If you would excuse me, it takes time to reply - since I don't just reply to you only, there are many other posters in this forum than you.
Now, what I was trying to point out is - experience matters. It certainly doesn't mean China can't catch up, but from a historical point of view, China wasn't able to indigenous design a high performance engine, because IT HAS NO EXPERIENCE. This has plague China for how long now? over 50 years??
Experience and capability are not pure functions of each other. In fact, technological capability (which is what we're really talking about), is determined by several other factors that carry far more weight than experience. Furthermore, the lack of "experience" does not deterministically imply incapability. You're tying your assessment of a country's overall technological capacity to your assessment of the airframe, which is fallacious. The only direct determinant of the airframe's performance is its physical properties and not what you think of its country's technological capabilities. This is something you are not an expert on, and using what you think of a country's capabilities to fill in the gaps in knowledge is fallacious.
To show how faulty and inconsistent that logic is, we can use the Space Race. The US thought that the USSR was technologically inferior and couldn't possibly beat the US into space. Then the USSR launched Sputnik. Then, if you continue to apply that logic, because the USSR had more experience with space travel, the US couldn't possibly build a better platform on their first go.
So, forget about something as complex as stealth aircraft. With China who still languishing in development hell of completely designing and putting together a fighter - can you understand my skepticism?
Are you skeptical that South Korea is now one of the most developed countries in the world even though it was still backwards before 1954? Are you skeptical that China only took 40 years to become the 2nd largest economy in the world despite the fact that it was a mess for 140 years prior? That's the kind of faulty conclusions your logic allows for.
Your skepticism is meaningless if it's not logically consistent. It is also not meaningless if it's not logically balanced. I could match your skepticism that China has no experience with my skepticism that the US is in decline, but I don't because it's a piss poor thing to base an argument on.

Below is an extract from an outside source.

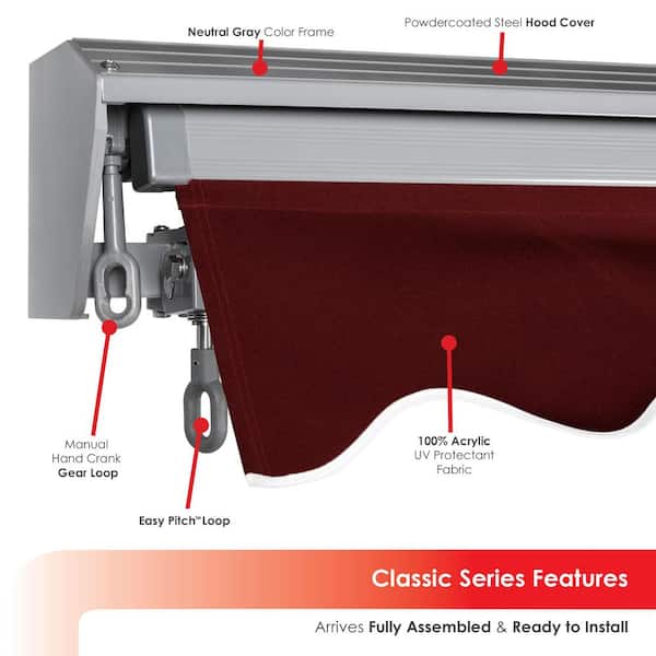 13 ft. Classic Series Semi-Cassette Electric w/ Remote Retractable Patio Awning, Burgundy (10 ft. Projection)

The fact of the matter is despite your skepticism China has assembled a stealth platform which meets its design requirements, which in turn only makes sense if it helps China against the US (because that is the only significant security rival it has in the region). Unless you know more about how to measure RCS, your skepticism and attempts to use arguments unrelated to the physics of stealth shaping is meaningless in assessing just how stealthy the J-20 is.
Again, even for a technological advanced country like USA with massive infrastructural/technological/talent base, it takes them decades to come to this singular point of achievement. Even Russia has to abandon the failed stealth project at least once. And here is China who can't even master engine comes along and believe it can design the complete stealth package.
Russia failed because it didn't have money. The fact that China doesn't have a strong a grasp on one technology is a fallacious way to claim that it doesn't have a grasp on any technology. Different technologies are discrete from each other, and therefore how far along a country is in one technology is not an indication of its progress in another. (Otherwise comparative advantages wouldn't exist). To put it short, this is a
No, of course J-20 doesn't have to as stealthy as F-22 or PAK-FA to be comparable. If its subsystem and weapons are superior, it could be comparable. So, let's say J-20 can detect F-22 or PAK-FA and fire its BVR missiles before F-22 or PAK-FA can. Now, this argument - let me just ask you one question. Have you ever heard of ANY weapon system in Chinese inventory that's superior to Russian or American example in same category???
WELL???
Chinese submarines.
In any case, just because you don't think they can doesn't mean they can't, or that they won't come up with these systems eventually. The fact that we are seeing a stealth platform indicates that what they don't have they're quickly acquiring. The fact of the matter is we have only corollary hints as to how far along China is with its avionics technology. However, I will point out that China has a much better semiconductor and computing industry than Russia does, and modern avionics is heavily dependent on that.